New research has found that almost 15m people in the UK aren’t ‘making any efforts to save for the future’, while 8m people have no savings at all. Is the ability to save becoming a luxury?
Research from Scottish Widows has found that nearly a third of us Brits have a total savings pot of less than £1,000. To add salt to the wound, over half of the people surveyed said they’re saving less now than they were two years ago.
The report rings true with the findings from our latest Quarterly Consumer Report, which revealed that in the last month, almost 6m households dipped into their savings just to cover everyday expenses. This is a stark difference to last summer, when the main reason people raided their savings was to pay for holidays.

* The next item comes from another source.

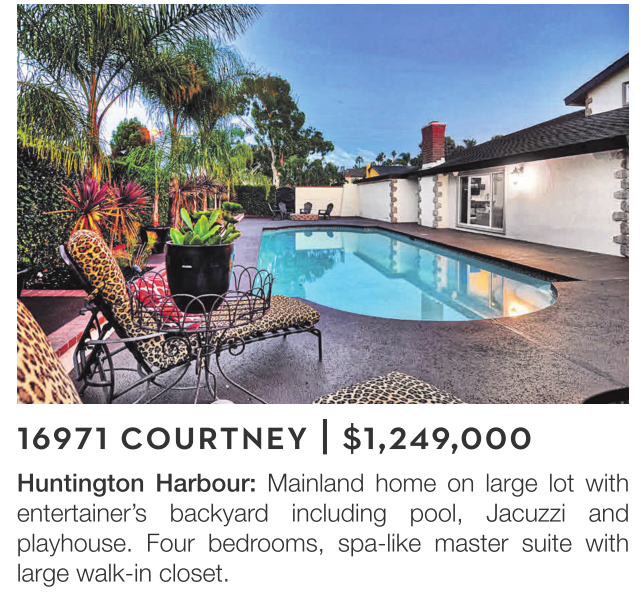 Huntington Harbour: Mainland home on large lot with entertainer’s backyard including pool, Jacuzzi and playhouse. Four bedrooms, spa-like master suite with large walk-in closet.

As far as I’m concerned, the lack of savings has little to do with people not ‘making an effort.’ Preparing for the future isn’t easy when there are so many more immediate – and increasing – pressures on your income. It’s hardly surprising that people are struggling to save, given that many aren’t able to cover essential spending each month. In fact, our report found that, last month, four million people took out extra credit, borrowing an average of £381.
And even if you can afford to squirrel some money away, the measly savings rates on offer mean there’s not much incentive to do so.
Families feeling the burden
Our report also found that 2.9m households borrowed money from family or friends in the last month, as people are often lending (or giving) money to their children, sometimes to help them cover daily living expenses. This has meant that a quarter of parents are cutting back on their savings, and almost one in 10 have stopped saving altogether.
I’m one of five children, and I’m all too aware of how reliance on our parents for financial support has affected their ability to save. Helping us through university was and is one of the biggest obstacles to any saving aspirations they might have. Despite my brothers both having part-time jobs to supplement their student loans, they still find themselves having to turn to the bank of mum and dad.
Is offering financial support to family and friends affecting your ability to save? Have you been dipping into savings to cover the cost of essentials?